Desenvolvimento da Autoconfiança: Ao se envolverem em atividades ativas, os alunos ganham mais confiança em suas habilidades e conhecimentos. Eles se tornam mais dispostos a participar, expressar suas ideias e assumir a responsabilidade por sua aprendizagem.
Preparação para a Vida Profissional: As metodologias ativas preparam os alunos para enfrentar os desafios da vida profissional, que exigem habilidades além do mero domínio de conteúdos teóricos. Trabalho em equipe, resolução de problemas e liderança são competências valorizadas no mercado de trabalho.
Em resumo, as metodologias ativas são fundamentais para a promoção de um ensino mais efetivo, centrado no aluno e que favorece o desenvolvimento de habilidades essenciais para o sucesso pessoal e profissional.
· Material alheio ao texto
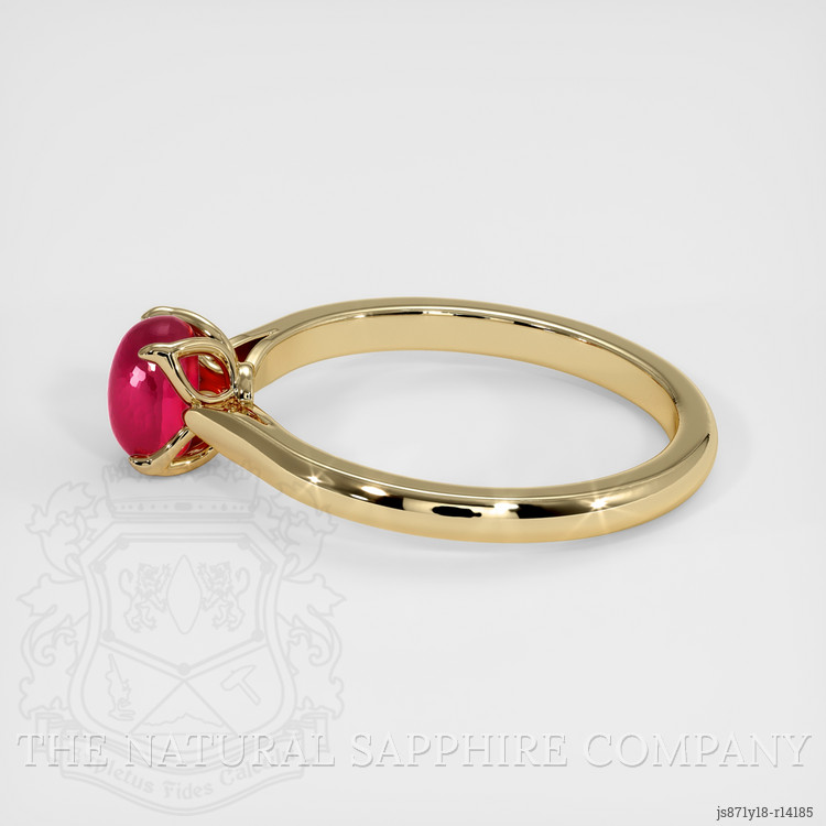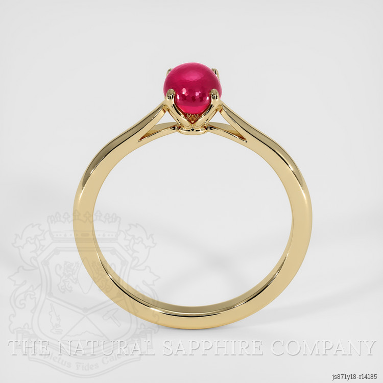 This ring centers a semi translucent 1.19 carat oval ruby, precisely measured at 6.18 by 4.92 by 3.45 mm, cut as a cabochon to emphasize the internal depth and smooth dome geometry, the cabochon profile is executed with consistent symmetry and an excellent polish that maximizes light transmission through the semitransparent body of the stone, eye level clarity is graded very slightly included, reflecting minor internal characteristics that do not detract from visual appeal, color exhibits intense saturation with a pure, vivid red hue that remains evenly distributed across the oval surface, the ruby is natural with no enhancement, origin Mozambique, the decision to retain the natural surface and polish of the cabochon highlights the stone collection history and allows the wearer to appreciate inherent mineral texture and light behavior, the gem is set in 14K yellow gold using a four claw crown that elevates the cabochon just enough to create a subtle gallery, the claws are tapered and polished to cradle the stone securely while allowing unobstructed viewing of the pavilion curve, the band is worked in a gently rounded profile that balances comfort and presence, finish is fully polished to a high reflectivity that complements the ruby saturation without competing with it, overall proportions were selected to maintain a low profile for daily wear while protecting the dome from direct impact, ruby hardness on the Mohs scale at 9 ensures practical durability for an active lifestyle, craftsmanship emphasizes clean junctions between prongs and shank, precise seat geometry, and microscopic finishing inside the gallery to reduce stress points and ensure long term stability.

Ao adotar essas abordagens, os educadores criam ambientes de aprendizagem dinâmicos e estimulantes, nos quais os alunos são protagonistas do próprio conhecimento.
A solução para a educação está longe de ser alcançada, entretanto, é preciso seguir na batalha diária e conquistar uma vitória por vez. Aceitando os fracassos e reinventando maneiras de formar cidadão críticos e éticos para uma sociedade justa e igualitária.
Eu sou Siliane Nunes, professora de geografia da Educação básica de Alagoas.